拡張アクセスリストの設定例(オブジェクトなし)

次のアクセスリストでは、すべてのホスト(アクセスリストを適用するインターフェイス上にあるすべてのホスト)に対して、適応型セキュリティ アプライアンスの通過が許可されます。

hostname(config)# access-list ACL_IN extended permit ip any any
 

次のサンプル アクセスリストでは、192.168.1.0/24 上のホストが 209.165.201.0/27 ネットワークにアクセスすることが禁止されます。その他のアドレスはすべて許可されます。

hostname(config)# access-list ACL_IN extended deny tcp 192.168.1.0 255.255.255.0
209.165.201.0 255.255.255.224
hostname(config)# access-list ACL_IN extended permit ip any any
 

選択したホストだけにアクセスを制限する場合は、限定的な許可 ACE を入力します。デフォルトでは、明示的に許可しない限り、他のトラフィックはすべて拒否されます。

hostname(config)# access-list ACL_IN extended permit ip 192.168.1.0 255.255.255.0
209.165.201.0 255.255.255.224
 

次のアクセスリストでは、すべてのホスト(アクセスリスト適用先のインターフェイス上にあるすべてのホスト)がアドレス 209.165.201.29 の Web サイトにアクセスすることが禁止されます。
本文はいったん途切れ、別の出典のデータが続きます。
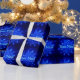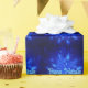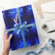 Un essaim de flocons de neige fractaux bleus. Le texte "Buon Natale" apparaît en bleu et blanc brillant.

他のトラフィックはすべて許可されます。

hostname(config)# access-list ACL_IN extended deny tcp any host 209.165.201.29 eq www
hostname(config)# access-list ACL_IN extended permit ip any any
 

オブジェクト グループを使用する次のアクセスリストでは、内部ネットワーク上のいくつかのホストがいくつかの Web サーバへのアクセスを禁止されます。他のトラフィックはすべて許可されます。
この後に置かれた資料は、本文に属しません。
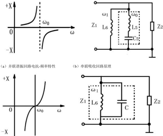 当一个平台上除了双塔频段以外还有其他发射频率时,须设置串联谐振系统来吸收其他频率,即陷波网络。如图1(a)所示,L5、C5 形成了串联谐振环来吸收ω0,假设工作频率ω 1< ω0(ω0 为被吸收的频率),可从图1(b)看出串联谐振系统的电抗随频率变化。通过观察图形的形状,发现对于ω1 这个频率,该回路为容抗。如果在其L5、C5 间加入了L6,则图为图1(b)中的等效模型图2(d),这是一个LC 并联回路。只需选适当的元件使其达到ω1 处的并联谐振(具有无穷大的阻抗),这样就能达到对ω0 的吸收而不会影响ω1 的配置。反之,若ω1>ω0,只需要将其L6 换为C6 即可。

hostname(config-network)# access-list ACL_IN extended deny tcp object-group denied
object-group web eq www
hostname(config)# access-list ACL_IN extended permit ip any any
hostname(config)# access-group ACL_IN in interface inside
 

次の例では、あるネットワーク オブジェクト グループ(A)から別のネットワーク オブジェクト グループ(B)へのトラフィックを許可するアクセスリストを一時的にディセーブルにします。

hostname(config)# access-list 104 permit ip host object-group A object-group B inactive

時間ベースのアクセスリストを実装するには、 time-range コマンドを使用して、1 日および週の特定の時刻を定義します。次に、 access-list extended コマンドを使用して、時間範囲をアクセスリストにバインドします。次の例では、「Sales」という名前のアクセスリストを「New_York_Minute」という名前の時間範囲にバインドしています。
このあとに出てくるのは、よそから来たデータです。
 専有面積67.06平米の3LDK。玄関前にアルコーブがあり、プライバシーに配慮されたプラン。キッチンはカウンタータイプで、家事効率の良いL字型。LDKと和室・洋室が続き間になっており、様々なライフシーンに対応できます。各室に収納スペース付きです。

hostname(config)# access-list Sales line 1 extended deny tcp host 209.165.200.225 host
209.165.201.1 time-range New_York_Minute
 

拡張アクセスリストの設定例(オブジェクト使用)

次に示す、オブジェクト グループを使用しない通常のアクセスリストでは、内部ネットワーク上のいくつかのホストがいくつかの Web サーバへのアクセスを禁止されます。他のトラフィックはすべて許可されます。

hostname(config)# access-list ACL_IN extended deny tcp host 10.1.1.4 host 209.165.201.29 eq www
hostname(config)# access-list ACL_IN extended deny tcp host 10.1.1.78 host 209.165.201.29 eq www
hostname(config)# access-list ACL_IN extended deny tcp host 10.1.1.89 host 209.165.201.29 eq www
hostname(config)# access-list ACL_IN extended deny tcp host 10.1.1.4 host 209.165.201.16 eq www
hostname(config)# access-list ACL_IN extended deny tcp host 10.1.1.78 host 209.165.201.16 eq www
hostname(config)# access-list ACL_IN extended deny tcp host 10.1.1.89 host 209.165.201.16 eq www
hostname(config)# access-list ACL_IN extended deny tcp host 10.1.1.4 host 209.165.201.78 eq www
hostname(config)# access-list ACL_IN extended deny tcp host 10.1.1.78 host 209.165.201.78 eq www
hostname(config)# access-list ACL_IN extended deny tcp host 10.1.1.89 host 209.165.201.78 eq www
hostname(config)# access-list ACL_IN extended permit ip any any
hostname(config)# access-group ACL_IN in interface inside
 

2 つのネットワーク オブジェクト グループ(内部ホスト用に 1 つ、Web サーバ用に 1 つ)を作成すると、コンフィギュレーションが簡略化され、簡単に修正してホストを追加できるようになります。

hostname(config)# object-group network denied
hostname(config-network)# network-object host 10.1.1.4
hostname(config-network)# network-object host 10.1.1.78
hostname(config-network)# network-object host 10.1.1.89
 
hostname(config-network)# object-group network web
hostname(config-network)# network-object host 209.165.201.29
hostname(config-network)# network-object host 209.165.201.16
hostname(config-network)# network-object host 209.165.201.78
 
hostname(config-network)# access-list ACL_IN extended deny tcp object-group denied object-group web eq www
hostname(config)# access-list ACL_IN extended permit ip any any
hostname(config)# access-group ACL_IN in interface inside
 

関連情報

アクセスリストをインターフェイスに適用します。詳細については、「アクセス規則の設定」を参照してください。

拡張アクセスリストの機能履歴

表 12-2 に、この機能のリリース履歴の一覧を示します。

 

表 12-2 拡張アクセスリストの機能履歴

機能名
リリース
機能情報

拡張アクセスリスト

7.0(1)

アクセスリストは、ネットワーク アクセスを制御したり、さまざまな機能を適用するトラフィックを指定したりするために使用されます。拡張アクセス コントロール リストは、1 つまたは複数のアクセス コントロール エントリ(ACE)で構成されます。このリストには、行番号を指定して ACE、送信元アドレス、および宛先アドレスを挿入できます。また、ACE タイプによっては、プロトコル、ポート(TCP または UDP の場合)、または ICMP タイプ(ICMP の場合)も挿入できます。

access-list extended コマンドが追加されました。